Quetico Provincial Park
|Quetico Provincial Park|
|Nearest city||Atikokan, Ontario|
|Area||4,760 km2 (1,840 sq mi)|
|Established||1913 (1909 as Quetico Forest Preserve)|
|Governing body||Ontario Parks|
Quetico Provincial Park is a large wilderness park in Northwestern Ontario, Canada, known for its excellent canoeing and fishing. The 4,760 km2 (1,180,000-acre) park shares its southern border with Minnesota's Boundary Waters Canoe Area Wilderness, which is part of the larger Superior National Forest. These large wilderness parks are often collectively referred to as the Boundary Waters or the Quetico-Superior Country.

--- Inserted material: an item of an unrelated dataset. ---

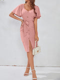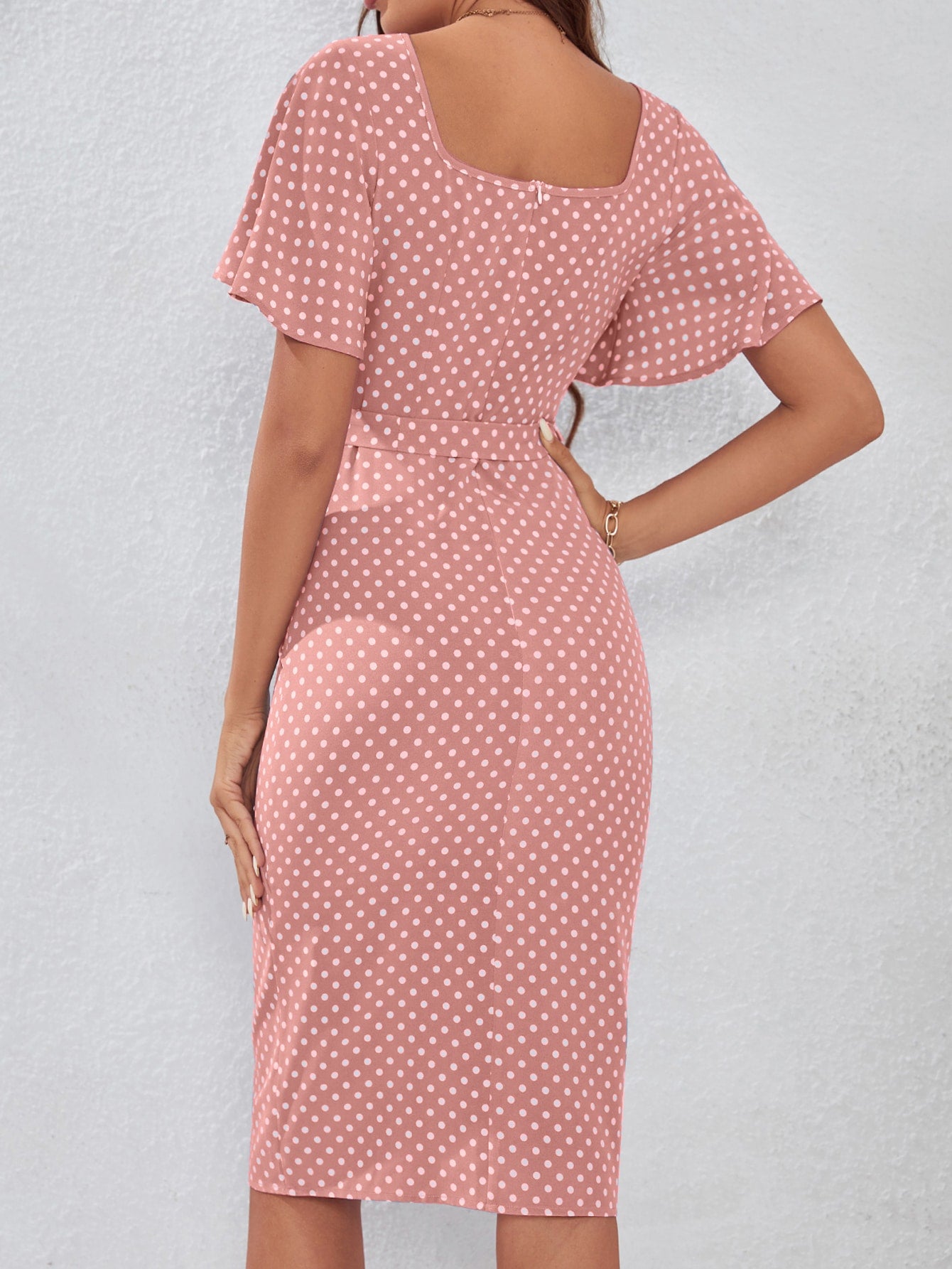 Dainty Darling: Frenchy Polka Dot Print Dress with Sweetheart Neck Button Decor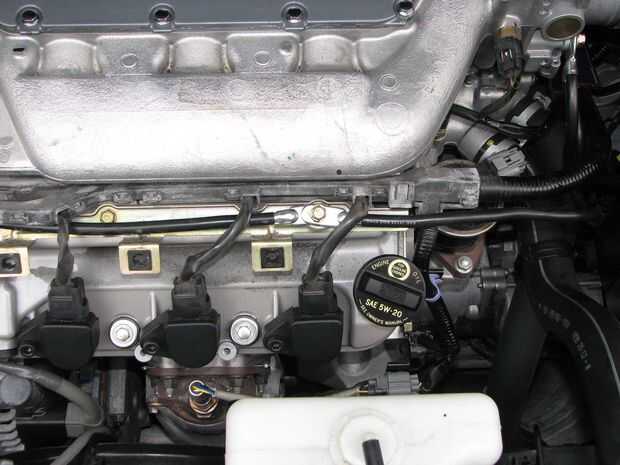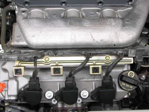 El cable de masa del motor que usted sólo conectado al alternador es doblado en un ángulo de 90 grados a la derecha y corren a lo largo de soporte, bajo los cables de la bobina. Llegar el último perno de soporte en el lado del conductor del motor. Otra vez un perno de 10mm y el siguiente cable al cuerpo del acelerador es apilada. Usted puede apretar este perno ahora - nada mucho que ajustar aquí.

The park includes over 2000 unofficial, unimproved wilderness campsites spread throughout more than 600 lakes. Canoeists require permit reservations and in-season may enter the Quetico only via six Ranger Stations, which serve 21 specific entry points. Visitors may drive to three of these ranger stations: Dawson Trail, Atikokan, and Lac La Croix. Beaverhouse can be reached only by portage and paddle; visitors may paddle or take a tow from an outfitter to reach Cache Bay or Prairie Portage stations. Drive-in camping is available only at the Dawson Trail campground; log cabins are also available to rent.

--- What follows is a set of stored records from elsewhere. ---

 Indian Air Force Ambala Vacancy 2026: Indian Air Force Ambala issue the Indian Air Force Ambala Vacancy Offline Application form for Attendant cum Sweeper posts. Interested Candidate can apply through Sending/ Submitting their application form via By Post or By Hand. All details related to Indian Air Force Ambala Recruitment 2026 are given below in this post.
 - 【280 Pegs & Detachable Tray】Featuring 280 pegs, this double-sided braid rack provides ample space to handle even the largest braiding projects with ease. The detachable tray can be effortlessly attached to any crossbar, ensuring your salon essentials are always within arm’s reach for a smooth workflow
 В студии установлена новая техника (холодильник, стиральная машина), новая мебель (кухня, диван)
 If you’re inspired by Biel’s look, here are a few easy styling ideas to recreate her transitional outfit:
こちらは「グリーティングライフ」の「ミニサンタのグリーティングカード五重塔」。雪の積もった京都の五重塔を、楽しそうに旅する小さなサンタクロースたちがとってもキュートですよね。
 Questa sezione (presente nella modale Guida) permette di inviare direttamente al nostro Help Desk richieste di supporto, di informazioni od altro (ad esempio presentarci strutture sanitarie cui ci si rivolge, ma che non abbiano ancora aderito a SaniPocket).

Most of the southern half of the Park is a region known historically as "Hunter Island" (not a real island).
The north country was inhabited by the Paleo-Indian culture circa 8000 BC. Limited artifacts have been found in the park from that era and the subsequent Archaic period circa 6000 years ago. Among these is rock art, such as a canoe pictograph at Agnes Lake. Artifacts from the Early Woodland Era (circa 1300 years ago) have not been found there, but pottery and clay pipes from the Later Woodland Indians have been found there.
In 1909, an Order in Council by the Government of Ontario established the Quetico Forest Reserve. Early the same year, the United States federal government established the adjacent Superior National Forest and Superior Game Refuge, part of which would eventually be designated and protected as the Boundary Waters Canoe Area Wilderness. Quetico Provincial Park was created in 1913 through passage of the Provincial Parks Act. Road access was not constructed until 1954.

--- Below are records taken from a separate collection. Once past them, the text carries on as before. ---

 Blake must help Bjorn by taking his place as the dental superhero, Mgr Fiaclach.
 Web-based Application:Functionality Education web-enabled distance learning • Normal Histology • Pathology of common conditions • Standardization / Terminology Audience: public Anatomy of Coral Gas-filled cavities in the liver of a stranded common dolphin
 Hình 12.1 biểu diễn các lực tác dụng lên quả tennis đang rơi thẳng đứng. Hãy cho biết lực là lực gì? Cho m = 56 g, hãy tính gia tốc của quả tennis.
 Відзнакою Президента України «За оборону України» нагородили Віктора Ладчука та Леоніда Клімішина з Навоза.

Ontario's creation of the park created a conflict with the Lac La Croix First Nation, who had a reserve located within the park boundaries. In 1915, the province cancelled the band's right to Reserve 24C and relocated the people, also effectively cancelling their treaty rights from the reserve. The grievances of the band were not addressed until 1991, when the Minister of Natural Resources, Bud Wildman, made a landmark, formal apology in the legislature for these actions. Wildman also committed to government "immediate and long-term assistance to improve the economic and social conditions of the band." He approved one of the band's requests: to allow them to use mechanized boats and canoes on three additional lakes in the park for the purposes of guiding, and to expand use of floatplanes, during an interim period while public review was conducted.
The origin of the park's name is obscure. Locals say the park is named after the "Quebec Timber Company". The name may also be a version of the French words quête de la côte, which means "search for the coast". It may also be from an Ojibwe name for a benevolent spirit who resides in places of great beauty.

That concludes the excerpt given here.